Find the line below with "次のようなことを心がけて活動" and the line with "Labview TCP Modbus". Output exactly those lines and everything between them, leaving out the pictures.

═══ Available data ═══

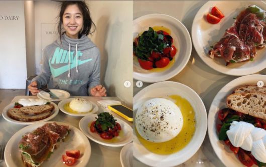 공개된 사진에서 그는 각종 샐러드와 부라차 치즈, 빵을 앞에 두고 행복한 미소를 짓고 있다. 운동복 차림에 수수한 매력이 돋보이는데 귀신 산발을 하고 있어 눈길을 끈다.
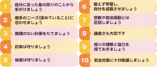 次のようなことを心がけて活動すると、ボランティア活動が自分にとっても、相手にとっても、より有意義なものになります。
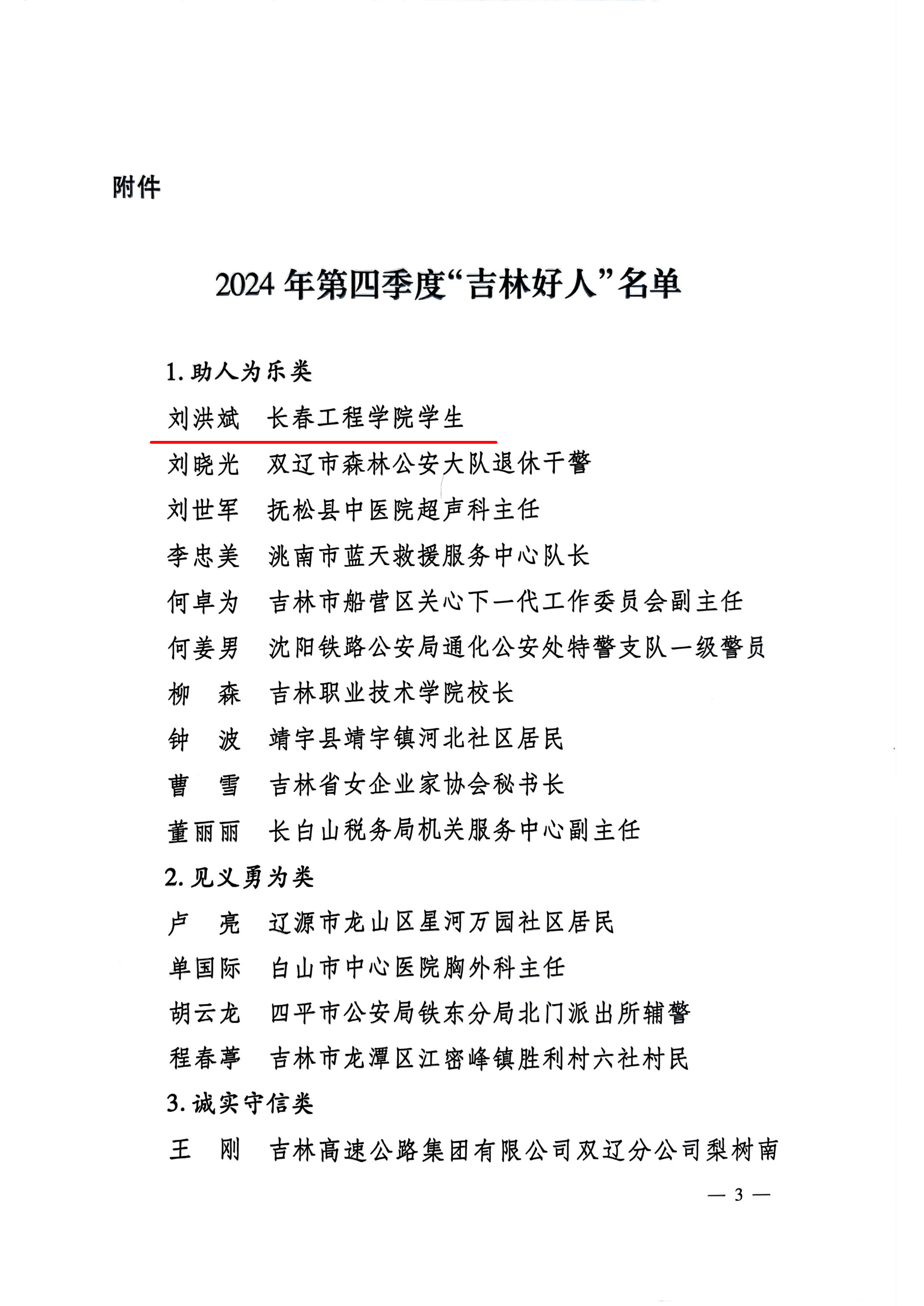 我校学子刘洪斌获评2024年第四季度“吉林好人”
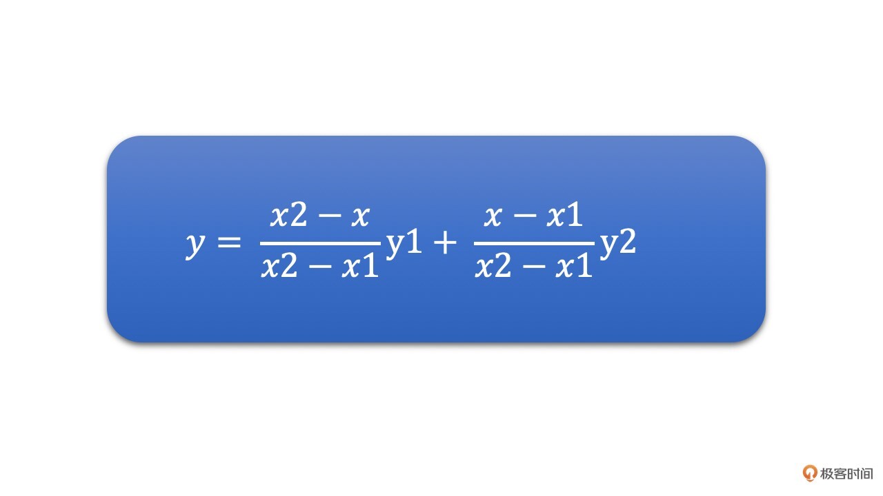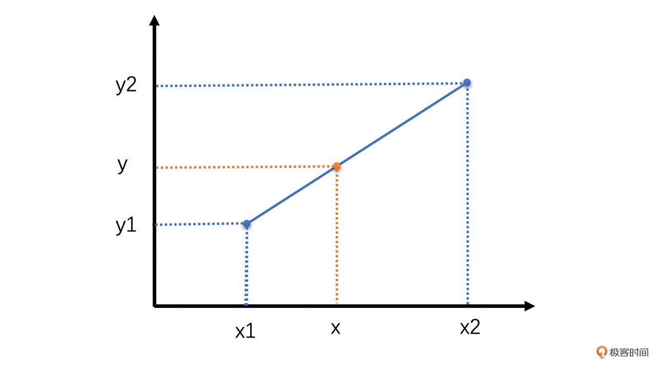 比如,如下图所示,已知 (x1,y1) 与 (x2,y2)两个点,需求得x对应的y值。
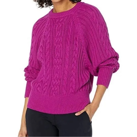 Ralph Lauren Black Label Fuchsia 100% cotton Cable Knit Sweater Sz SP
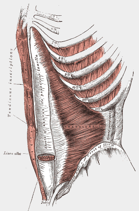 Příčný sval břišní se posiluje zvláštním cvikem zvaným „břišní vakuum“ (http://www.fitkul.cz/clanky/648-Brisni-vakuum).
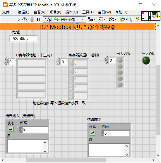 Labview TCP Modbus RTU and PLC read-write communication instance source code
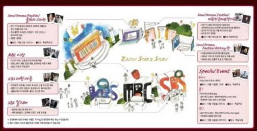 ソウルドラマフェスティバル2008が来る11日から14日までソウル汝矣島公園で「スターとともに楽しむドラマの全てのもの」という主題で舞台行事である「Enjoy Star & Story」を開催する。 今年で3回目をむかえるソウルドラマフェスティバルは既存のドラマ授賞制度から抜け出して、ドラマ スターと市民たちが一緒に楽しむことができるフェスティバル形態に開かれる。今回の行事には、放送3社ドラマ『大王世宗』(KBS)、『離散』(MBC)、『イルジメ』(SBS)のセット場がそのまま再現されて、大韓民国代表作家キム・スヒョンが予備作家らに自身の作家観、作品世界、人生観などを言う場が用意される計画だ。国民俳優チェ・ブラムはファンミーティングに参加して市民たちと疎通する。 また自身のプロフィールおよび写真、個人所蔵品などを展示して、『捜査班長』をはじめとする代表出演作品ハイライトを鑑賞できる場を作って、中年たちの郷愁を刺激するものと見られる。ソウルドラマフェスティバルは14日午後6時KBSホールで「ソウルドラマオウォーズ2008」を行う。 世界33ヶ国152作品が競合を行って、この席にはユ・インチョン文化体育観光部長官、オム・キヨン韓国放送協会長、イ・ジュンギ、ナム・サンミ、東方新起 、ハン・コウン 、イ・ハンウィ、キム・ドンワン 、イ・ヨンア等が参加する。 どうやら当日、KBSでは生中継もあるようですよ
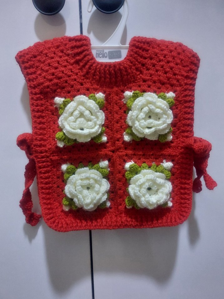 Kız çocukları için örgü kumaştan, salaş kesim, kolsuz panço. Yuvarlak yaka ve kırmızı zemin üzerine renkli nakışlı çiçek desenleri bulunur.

═══
═══ Available data ═══

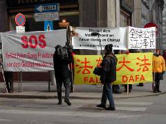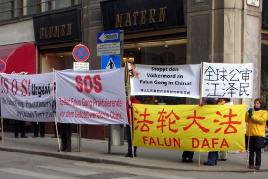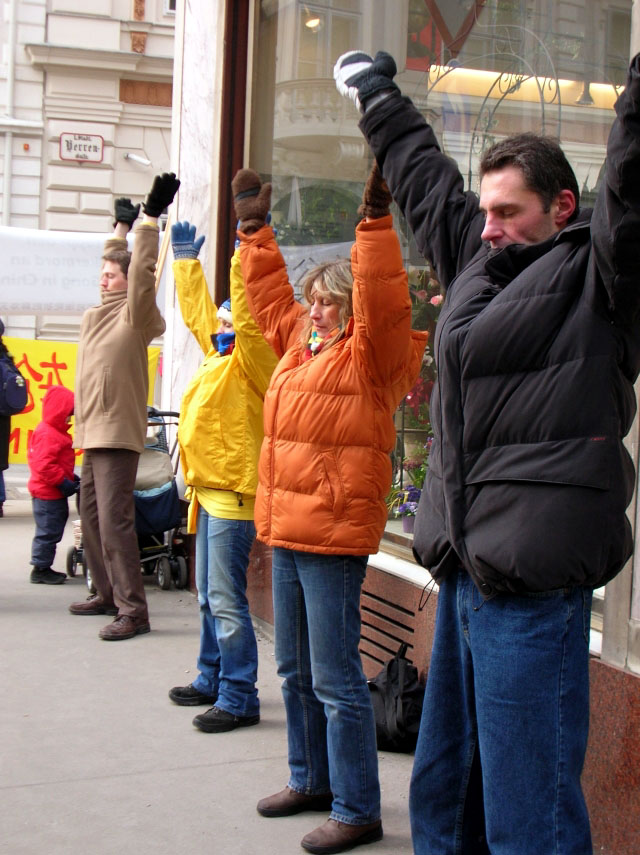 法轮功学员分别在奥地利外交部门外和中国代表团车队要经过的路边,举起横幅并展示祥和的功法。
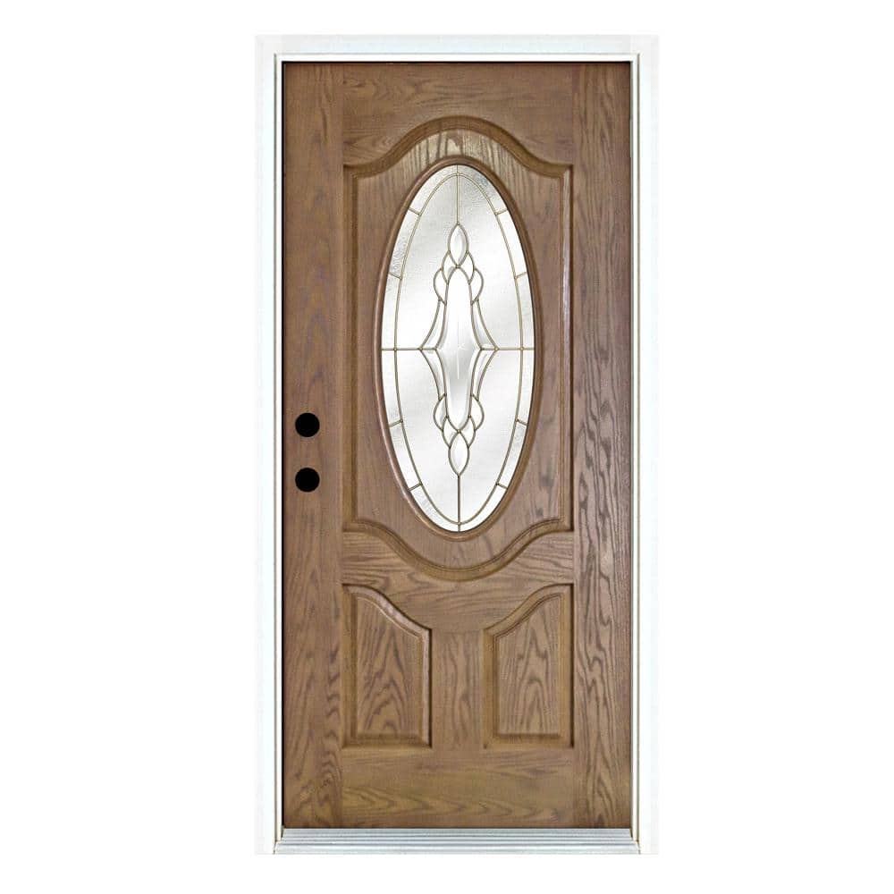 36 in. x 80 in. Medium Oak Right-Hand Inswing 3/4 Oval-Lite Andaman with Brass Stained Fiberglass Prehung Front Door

═══
═══ Available data ═══

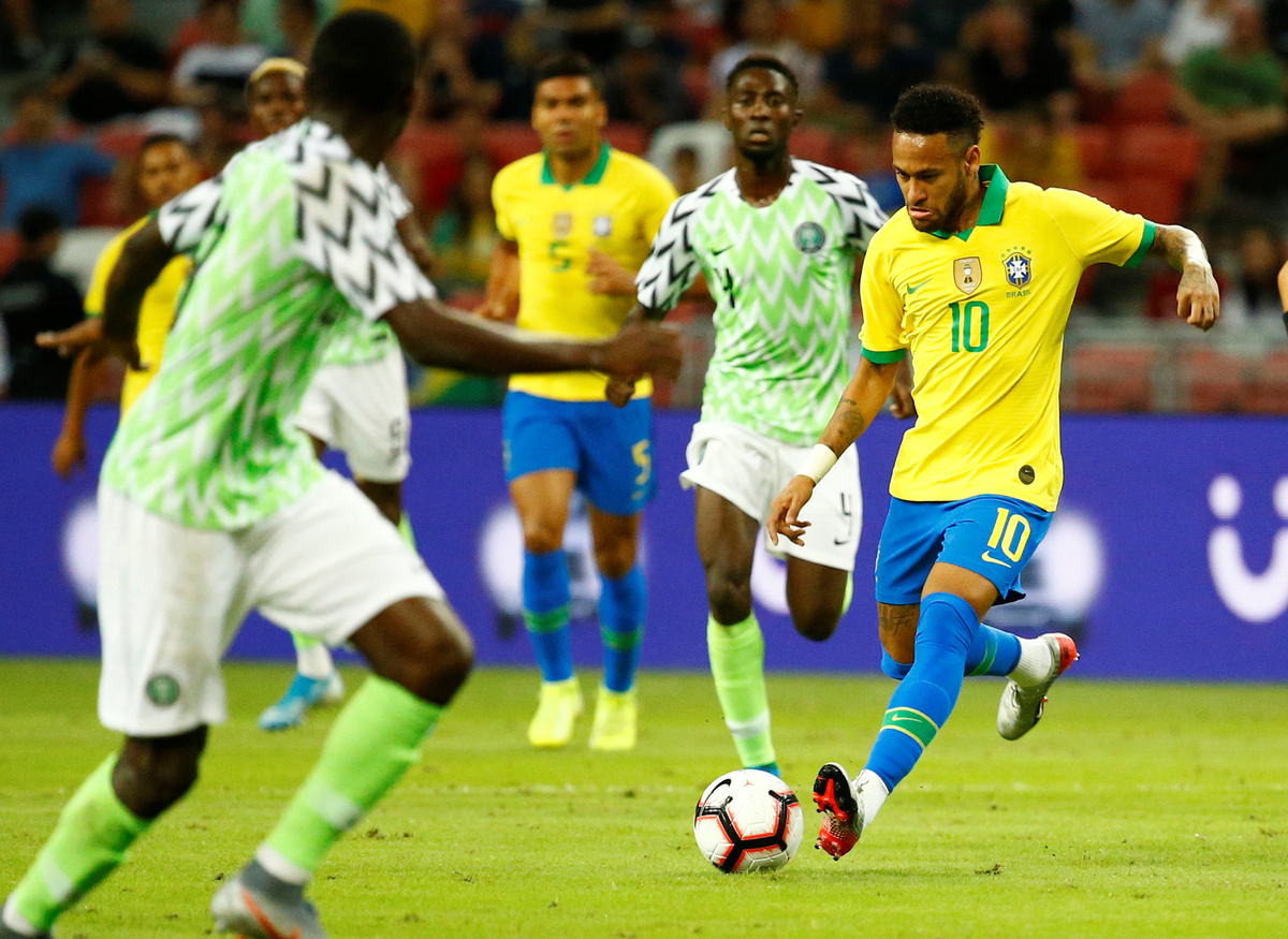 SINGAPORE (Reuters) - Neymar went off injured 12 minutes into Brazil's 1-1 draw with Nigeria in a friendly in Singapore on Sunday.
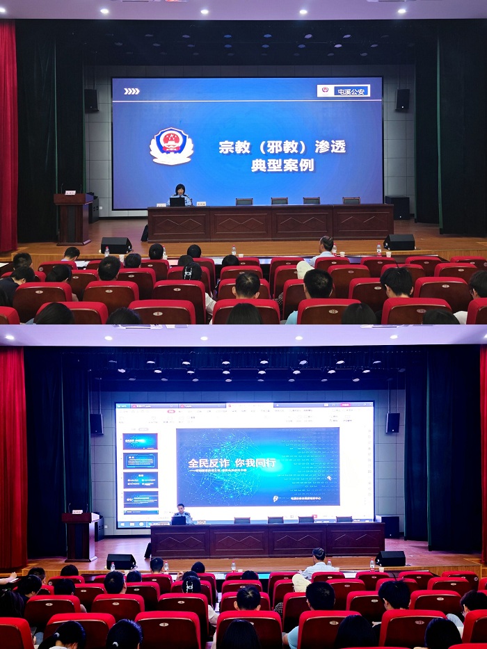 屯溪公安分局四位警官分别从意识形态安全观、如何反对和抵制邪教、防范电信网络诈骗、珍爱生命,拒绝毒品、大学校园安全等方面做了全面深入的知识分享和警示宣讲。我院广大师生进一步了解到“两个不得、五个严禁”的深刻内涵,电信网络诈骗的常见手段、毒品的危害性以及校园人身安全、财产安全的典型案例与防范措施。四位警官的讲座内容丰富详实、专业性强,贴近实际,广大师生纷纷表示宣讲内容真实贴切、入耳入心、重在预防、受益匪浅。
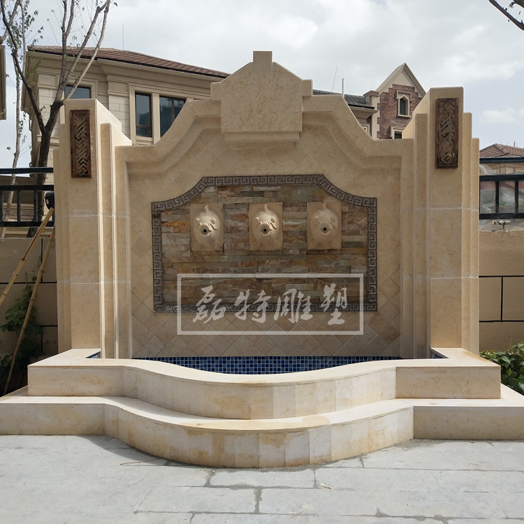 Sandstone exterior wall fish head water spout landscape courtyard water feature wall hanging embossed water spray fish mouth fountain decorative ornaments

═══

Expected output —
 次のようなことを心がけて活動すると、ボランティア活動が自分にとっても、相手にとっても、より有意義なものになります。
 我校学子刘洪斌获评2024年第四季度“吉林好人”
 比如,如下图所示,已知 (x1,y1) 与 (x2,y2)两个点,需求得x对应的y值。
 Ralph Lauren Black Label Fuchsia 100% cotton Cable Knit Sweater Sz SP
 Příčný sval břišní se posiluje zvláštním cvikem zvaným „břišní vakuum“ (http://www.fitkul.cz/clanky/648-Brisni-vakuum).
 Labview TCP Modbus RTU and PLC read-write communication instance source code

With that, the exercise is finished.